If you are creating an Azure AD app with app only permissions, or a so called deamon app, you need to use a certificate. One option would be to create a self signed certificate. In most blog posts they use the deprecated makecert tool. If you haven’t used this before, it can be a bit hard to come by.
The alternative is to use PowerShell commandlets. So far I’ve seen some samples but not one complete script that does it all. Here I would like to share the script I use:
$certFriendlyName = "name.domain.com"
$certPassword = "youruniquepassword"
$certLocation = "C:\Temp\certificate.pfx"
$date = Get-Date
$certEndDate = $date.AddYears(1)
$certNotAfter = $certEndDate.AddYears(1)
$securePassword = (ConvertTo-SecureString -String $certPassword -Force -AsPlainText)
$certificate = New-SelfSignedCertificate -Type Custom -FriendlyName $certFriendlyName -Subject $certFriendlyName -KeyLength 2048 -KeyExportPolicy Exportable -Provider "Microsoft Software Key Storage Provider" -NotAfter $certNotAfter
Export-PfxCertificate -cert "Cert:\LocalMachine\My\$($certificate.Thumbprint)" -FilePath $certLocation -Password $securePassword
$cer = New-Object System.Security.Cryptography.X509Certificates.X509Certificate2($certLocation, $certPassword)

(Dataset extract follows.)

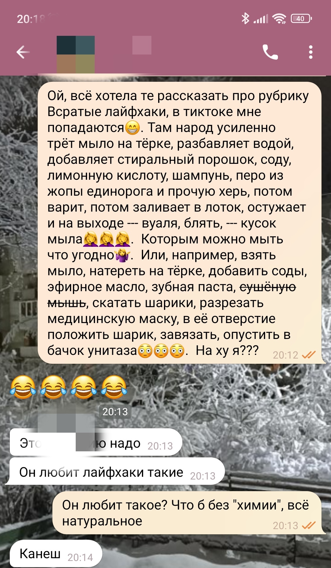 6 Letinka Всратые лайфхаки 1 год назад Подруга прислала [моё] Сомнительные лайфхаки Лайфхак Скриншот Тиктокеры TikTok Переписка Диалог Чат Социальные сети Ещё 0

$bin = $cer.GetRawCertData()
$base64Value = [System.Convert]::ToBase64String($bin)
$base64Thumbprint = [System.Convert]::ToBase64String($cer.GetCertHash())
$keyid = [System.Guid]::NewGuid().ToString()
Write-Host "Please store the following information" -ForegroundColor Yellow
Write-Host "You can find the private certificate under $($certLocation)"
Write-Host "KeyId: $($keyid)"
Write-Host "Base64 value: $($base64Value)"
Write-Host "Base64 thumbprint: $($base64Thumbprint)"
After you’ve run the script, you can copy paste the results in your Azure AD manifest files.